LD have become increasingly well-known in recent years, with representations in popular media (e.g., the 2010 sci-fi thriller “Inception”) and several cyber-forums and blogs dedicated to the topic, with thousands of participants (e.g., the Dreamviews LD forum1 has over 93,000 members). LD may occur spontaneously, yet techniques for deliberate LD induction (e.g., LaBerge and Rheingold, 1990) have been gaining popularity. Induction techniques have become so popular that 35% of first-year Psychology undergraduate students had tried to deliberately initiate LD at least once (Aviram and Soffer-Dudek, 2018).
Why do people wish to volitionally induce LD? Partly because it is tempting to enter—without using any physical substance—a state of altered consciousness in which one can perform feats not possible in real life (e.g., flying), by exerting control over the dream scenario. But also, since LD are considered by many as an ideal state, promoting well-being and psychological growth (Tholey, 1988; Green and McCreery, 1994), a stance readily adopted by bloggers. Reasons for lucid dreaming are usually wish fulfillment and problem-solving, although many also report aims such as overcoming fears and healing (Stumbrys and Erlacher, 2016). However, as will be reviewed below, empirical evidence in favor of LD as promoting psychological well-being is equivocal, and also, despite common notions, empirical evidence suggests that most LD are not characterized by an ability to control dream events.

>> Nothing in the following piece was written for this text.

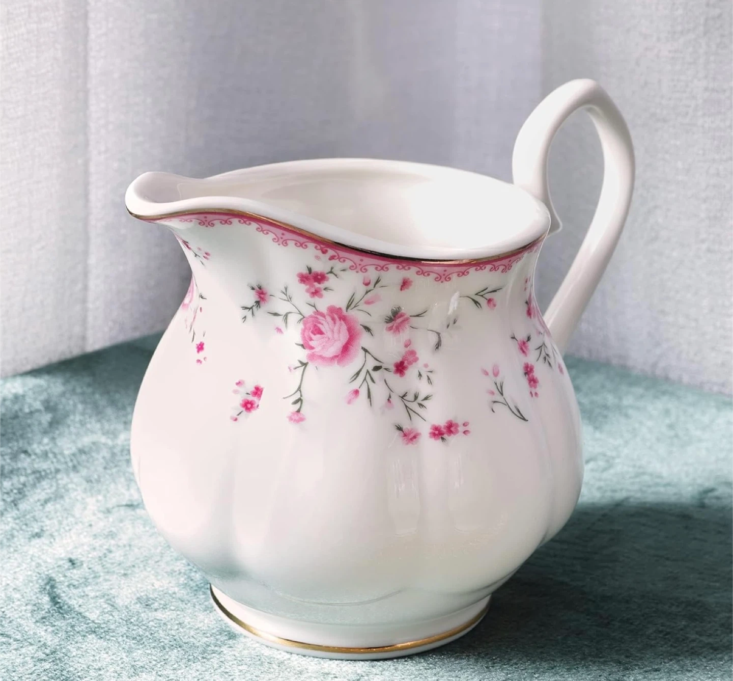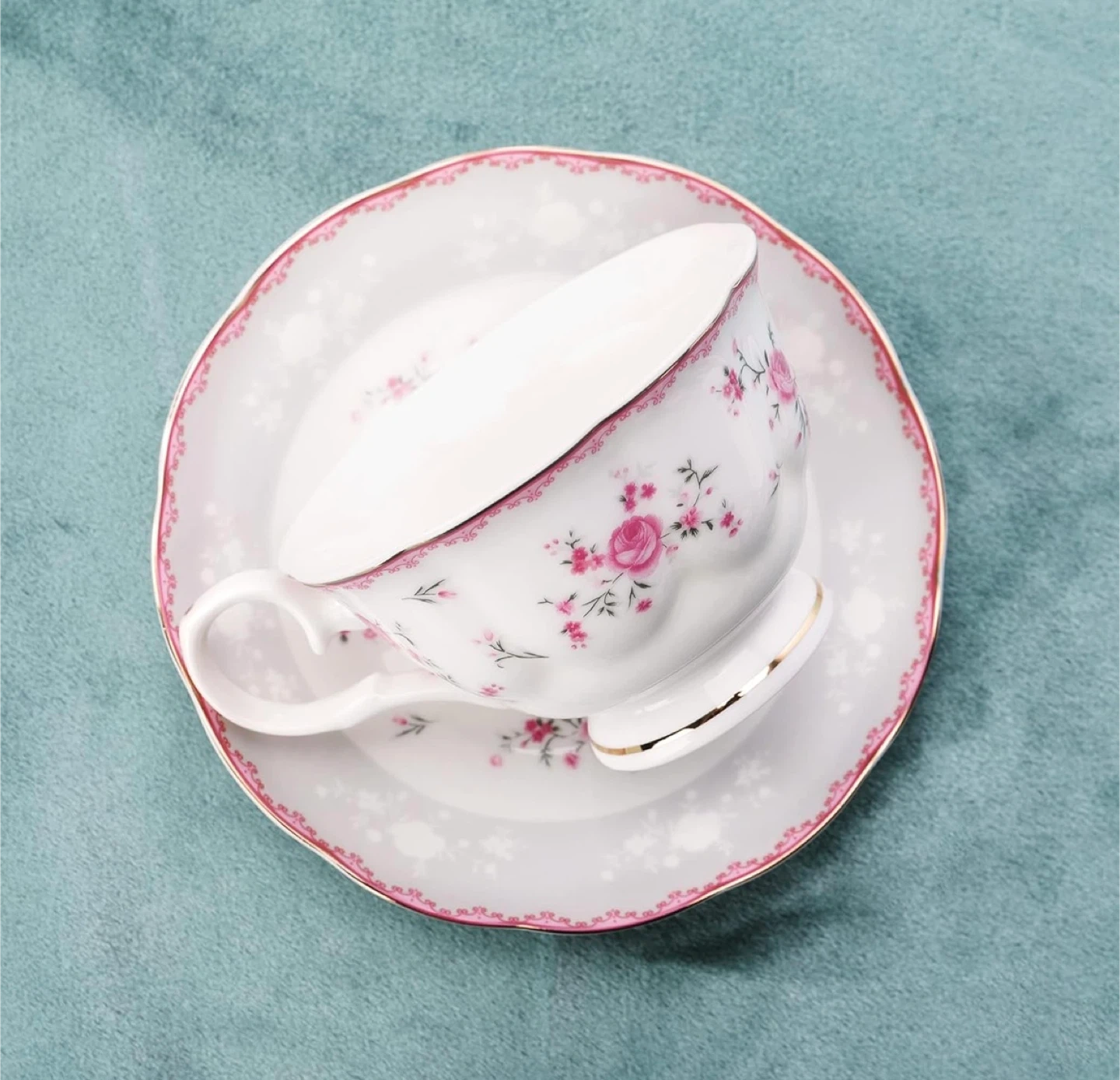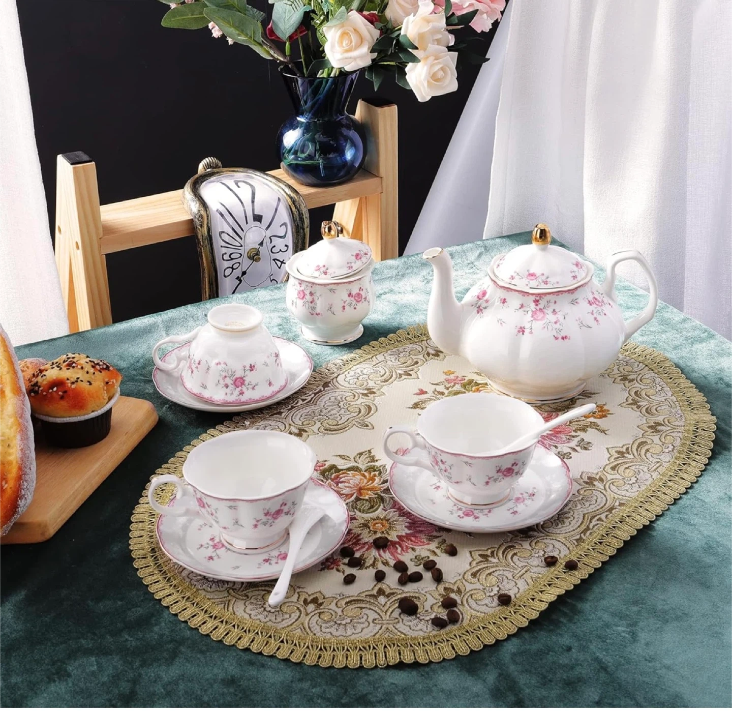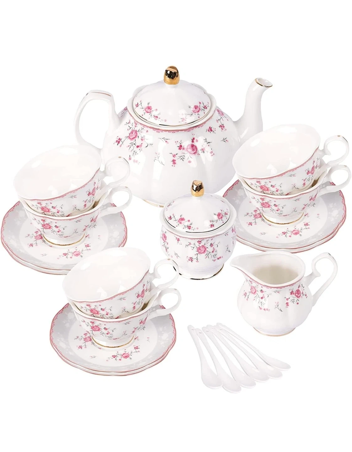 Here is a beautiful floral tea set! It includes a teapot, creamer, sugar bowl, six cups, six saucers, and six spoons Used once only. Comes in original box and packing

LD are considered as indicating mental health and well-being (Snyder and Gackenbach, 1988; LaBerge, 2014). Indeed, in one study they were associated with increased mental health and self-confidence (Doll et al., 2009). Another study exploring LD and personality found that lucid dreamers were socially bold, dominant, experimenting, enthusiastic, and warm (Gruber et al., 1995). LD have also been associated with creativity (Blagrove and Hartnell, 2000) and with psychological resilience in the face of traumatic stress (Soffer-Dudek et al., 2011). Although LD may often be triggered by nightmares, they tend to conclude with positive emotion (Aviram and Soffer-Dudek, 2018). According to Dresler et al. (2015), neurocognitive evidence suggests that insight into dreaming (LD) may be a model for insight into one's illness in schizophrenia, which is a positive prognostic factor.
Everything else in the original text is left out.